**ABOUT THIS EXERCISE:** Could you repeat the entries below exactly, but only from the line with "我校老干部合唱团荣获广东省老干部群众性歌唱大赛银奖" through the line with "71. Sake €4,50", and without any picture?

**PROVIDED RECORDS:**
::::
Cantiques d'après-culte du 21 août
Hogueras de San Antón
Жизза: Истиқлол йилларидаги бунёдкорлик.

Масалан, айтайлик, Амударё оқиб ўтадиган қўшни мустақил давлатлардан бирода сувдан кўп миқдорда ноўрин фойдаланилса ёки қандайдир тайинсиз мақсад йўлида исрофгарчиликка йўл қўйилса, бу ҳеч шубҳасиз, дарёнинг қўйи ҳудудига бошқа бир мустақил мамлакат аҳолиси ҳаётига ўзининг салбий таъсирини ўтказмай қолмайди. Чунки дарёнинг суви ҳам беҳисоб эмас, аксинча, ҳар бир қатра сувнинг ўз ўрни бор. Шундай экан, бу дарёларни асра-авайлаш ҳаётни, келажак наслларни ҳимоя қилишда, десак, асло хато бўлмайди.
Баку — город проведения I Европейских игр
::::
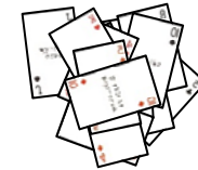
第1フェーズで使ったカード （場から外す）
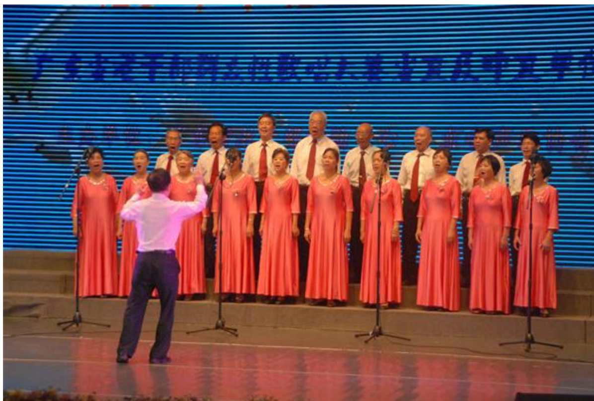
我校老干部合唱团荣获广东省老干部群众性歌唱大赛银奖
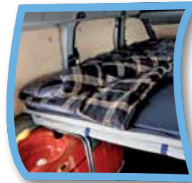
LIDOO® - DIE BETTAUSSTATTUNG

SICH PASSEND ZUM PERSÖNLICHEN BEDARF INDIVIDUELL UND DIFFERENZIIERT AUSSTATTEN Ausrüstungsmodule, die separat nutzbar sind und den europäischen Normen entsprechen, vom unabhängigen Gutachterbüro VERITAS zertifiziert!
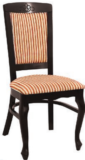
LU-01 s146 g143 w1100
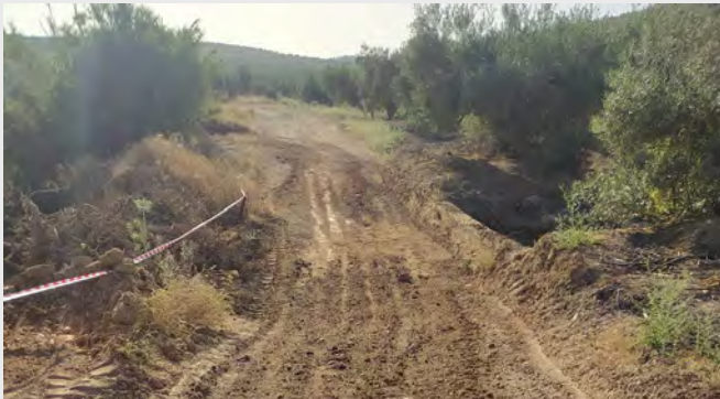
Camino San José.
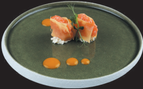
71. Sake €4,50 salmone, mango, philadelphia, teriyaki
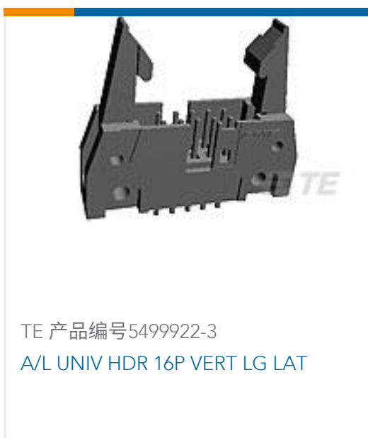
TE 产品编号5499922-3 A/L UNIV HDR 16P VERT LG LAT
::::
**TASK RESULT:**
我校老干部合唱团荣获广东省老干部群众性歌唱大赛银奖
LIDOO® - DIE BETTAUSSTATTUNG

SICH PASSEND ZUM PERSÖNLICHEN BEDARF INDIVIDUELL UND DIFFERENZIIERT AUSSTATTEN Ausrüstungsmodule, die separat nutzbar sind und den europäischen Normen entsprechen, vom unabhängigen Gutachterbüro VERITAS zertifiziert!
LU-01 s146 g143 w1100
Camino San José.
71. Sake €4,50 salmone, mango, philadelphia, teriyaki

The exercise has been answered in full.